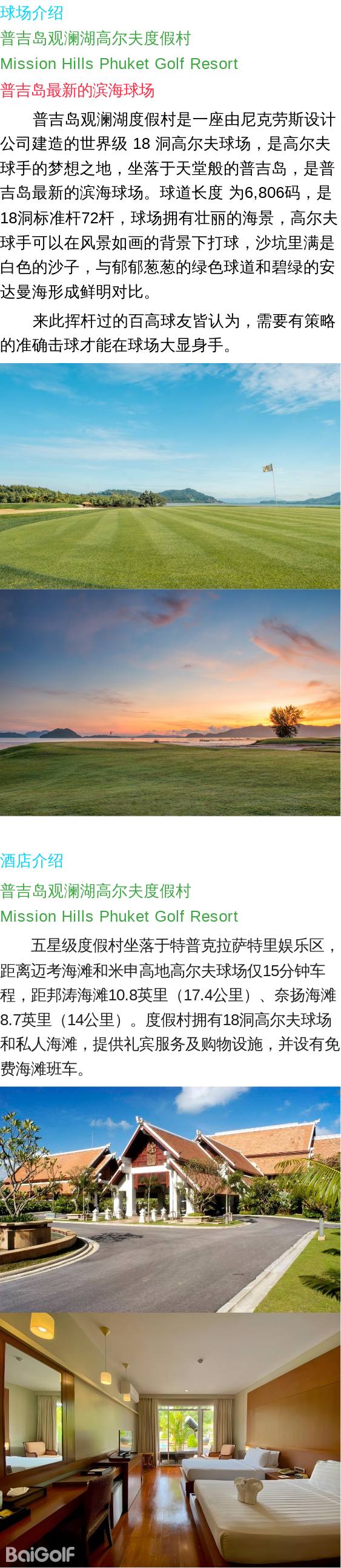 普吉岛观澜湖Mission Hills1晚1球【入住球会酒店】
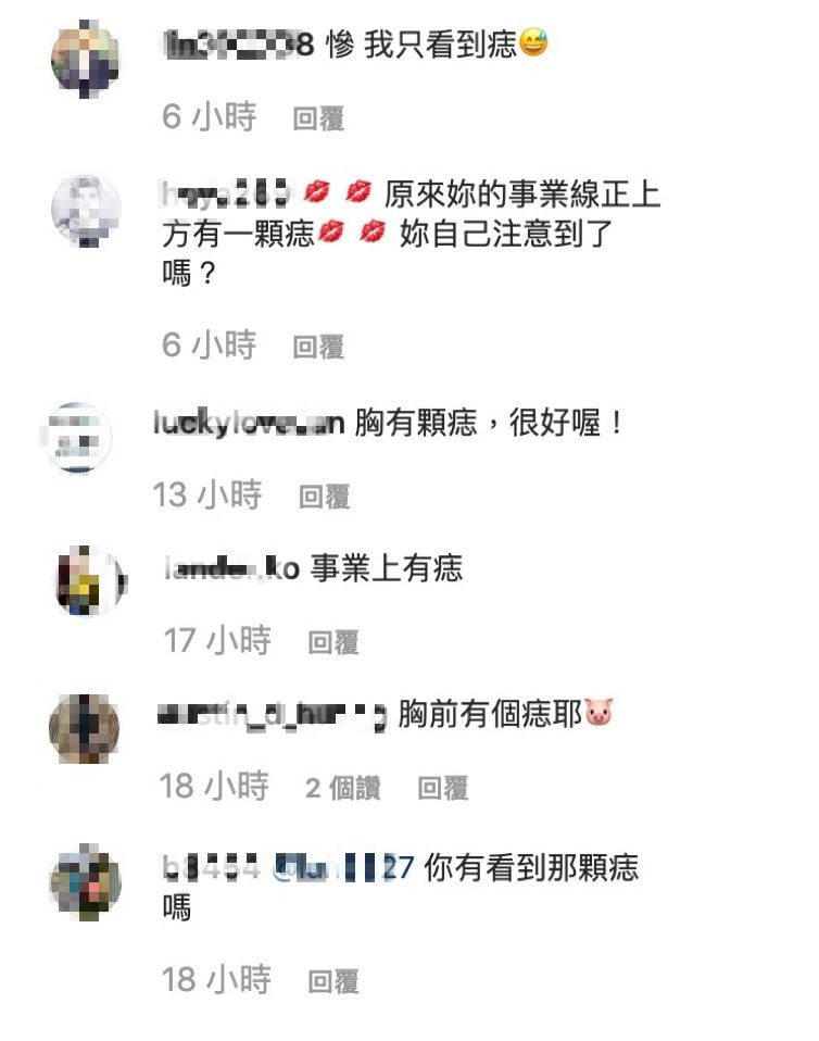 昨日元元在IG上傳了一則自拍的影片,並配上文字:「今天終於把寫真卡簽完!開心100分~~」,畫面中元元身穿一件白色的素色內搭背心,外頭再罩上一件藍色的罩衫,在鏡頭前元元也擺出許多可愛的姿勢,而當她身體向前傾時除了露出豐滿的上圍之外,中間一條深溝也相當吸睛,其中就有網友發現深溝中的大亮點「藏了一顆痣」,紛紛留言表示:「胸前有個痣耶」、「你有看到那顆痣嗎」、「事業上有痣」,意外的引起關注。
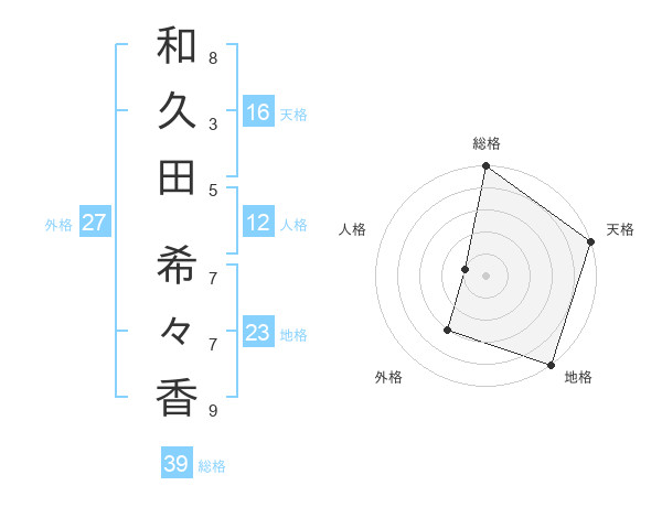 和久田 希々香さんの天格は16画の5点!
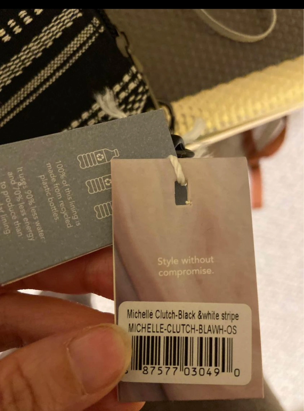 Black and white variegated woven cotton design. Black vegan leather detachable crossbody strap with a long tassel on the zip. Interior coin zip and card slots. Lining made from recycled plastic bottles.
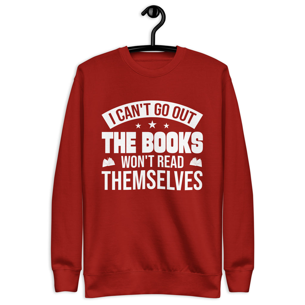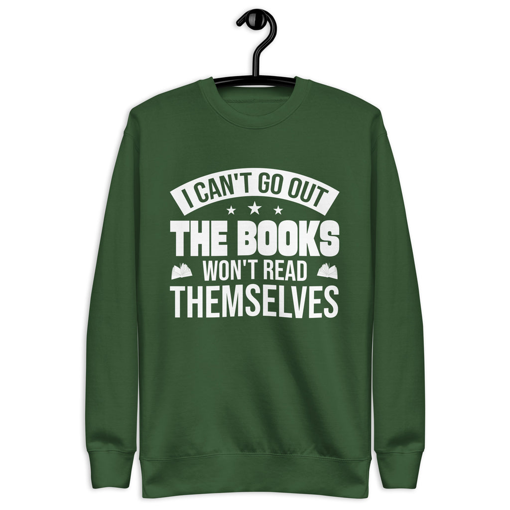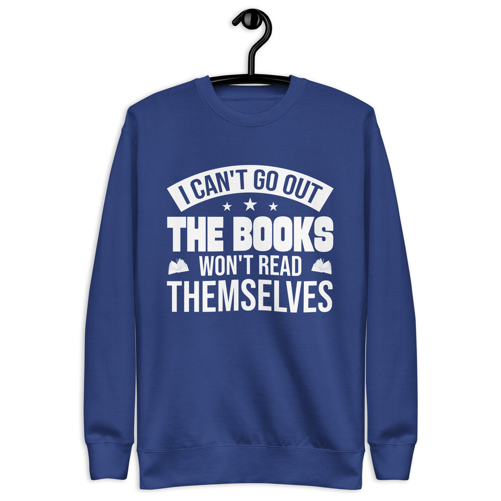 Snuggle up with your favorite stories in this “I Can’t Go Out — The Books Won’t Read Themselves” sweatshirt! Perfect for introverts, bookworms, and anyone who’d rather spend the night lost in another world than deal with the outside one, this sweatshirt adds a charming literary twist to your wardrobe.
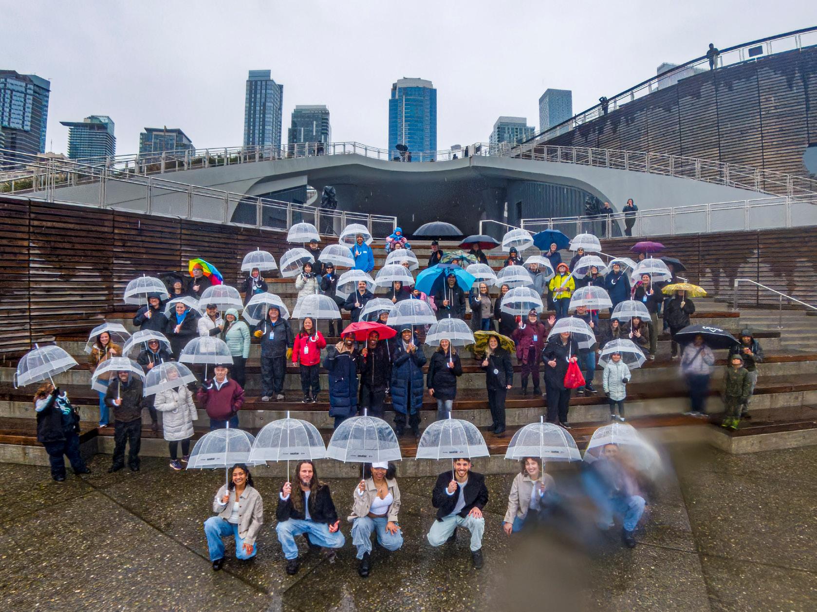 where organizers staged the “Umbrella Uprising” — a smiling group photo of attendees raising their branded umbrellas in unison. Both playful and symbolic, they served as a reminder that Seattleites don’t hide from the rain; they accessorize for it.
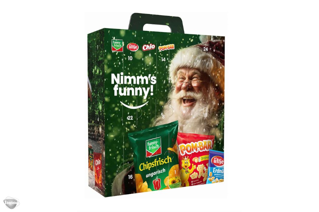 Adventskalender mal anders: Leckerer Knabberspaß für gemütliche Abende und für Zwischendurch. Intersnack - der Knabber-& Chips-Adventskalender, gefüllt mit verschiedenen Knabberartikeln aus dem Hause Intersnack (Chio, Ültje, Funny Frisch, Pom Bär). Eine tolle Vielfalt in kleinen Portionsbeuteln
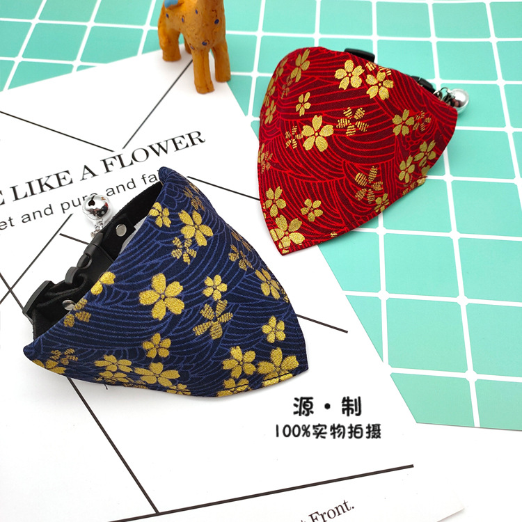 Handuk segitiga hewan peliharaan Jepang langsung dari pabrik aksesori syal kucing handuk air liur anjing kerah bel kerah kucing
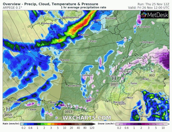 Précipitations en France du vendredi 26 au mardi 30 novembre 2021 (violet = neige) - via wxcharts.com
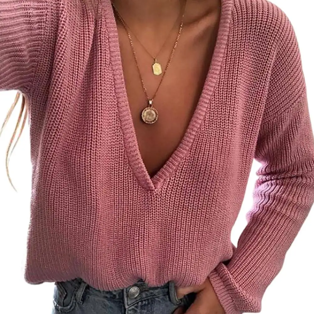 Женские пуловеры с длинным рукавом, однотонный вязаный свитер, джемпер с глубоким V-образным вырезом, пуловер на осень и зиму, повседневный Свободный Вязаный топ, 2021
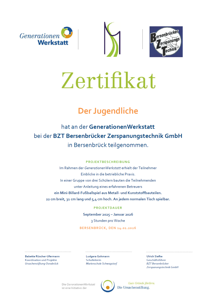 BZT Bersenbrück | Marienschule Schwagstorf | 14.01.2026

● Exercise instructions
Repeat, without pictures, exactly the lines of the data above from the one containing "和久田 希々香さんの天格は16画の5点!" through the one containing "where organizers staged", including both and adding nothing.

● Solution
 和久田 希々香さんの天格は16画の5点!
 Black and white variegated woven cotton design. Black vegan leather detachable crossbody strap with a long tassel on the zip. Interior coin zip and card slots. Lining made from recycled plastic bottles.
 Snuggle up with your favorite stories in this “I Can’t Go Out — The Books Won’t Read Themselves” sweatshirt! Perfect for introverts, bookworms, and anyone who’d rather spend the night lost in another world than deal with the outside one, this sweatshirt adds a charming literary twist to your wardrobe.
 where organizers staged the “Umbrella Uprising” — a smiling group photo of attendees raising their branded umbrellas in unison. Both playful and symbolic, they served as a reminder that Seattleites don’t hide from the rain; they accessorize for it.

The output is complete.